Tân Hiệp Phát Beverage Group
- Industry: Beverages
- Predecessor: Bến Thành Brewery and Beverage factory
- Founded: 1994 in Vietnam
- Founder: Trần Quí Thanh
- Headquarters: Vietnam
- Products: Tea Energy drinks
- Website: www.thp.com.vn/en/

= Tan Hiep Phat Beverage Group =

Tân Hiệp Phát Beverage Group (Tập đoàn Nước giải khát Tân Hiệp Phát) is a Vietnamese drink producer. The company was founded by Trần Quí Thanh in 1994. It is the largest privately owned soft drink provider in Vietnam, and produces over a billion litres a year.

The company operates in Vietnam and 16 additional countries including Australia and China.

==History==
Trần Quí Thanh set up the company in 1994, the year that the United States ended its trade embargo with Vietnam.

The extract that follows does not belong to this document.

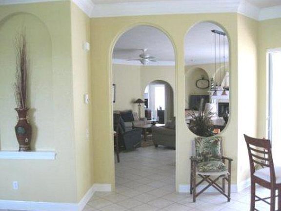 Golf course views front/back. Salt water Gunite pool/water feature w/access to shower/bath. Coastal Green sensor for A/C & water heaters. Fresh paint inside/out. 30 yr roof. Ceramic tile thru living area, scraped hardwd in master. Arched doorways, heavy trim, built ins. Island w Corian counters & Dbl oven. Fireplace. Office/Study. Designer block driveway. Oversized 3 car garage. Sprinkler system

Trần started as a beer company, and was known as Bến Thành Brewery and Beverage factory. Trần bought an old production line from Saigon Beer and fixed up the factory. He moved his family into the building, and raised his children on the premises.

The company then changed to bottled teas and later expanded to energy drinks as well, beginning sales of their green tea in 2006 and herbal tea in 2009.

In 2011 Coca-Cola offered to buy the company, valuing it at $2.5 billion. The company ultimately turned down the offer, as Coca-Cola did not want the company to expand outside Vietnam which was counter to Trần's intentions.

==2015 lawsuit==
In 2015 a customer claimed he had found a fly inside one of their bottles. The case led to Tân Hiệp Phát receiving harsh criticism in the media. However, the company eventually won the case in court, which found the consumer's claims to be false.

Trần has said that the incident damaged the company's public image, and that in order to repair his image he began offering public visits to the company's factory in order to restore faith in their products.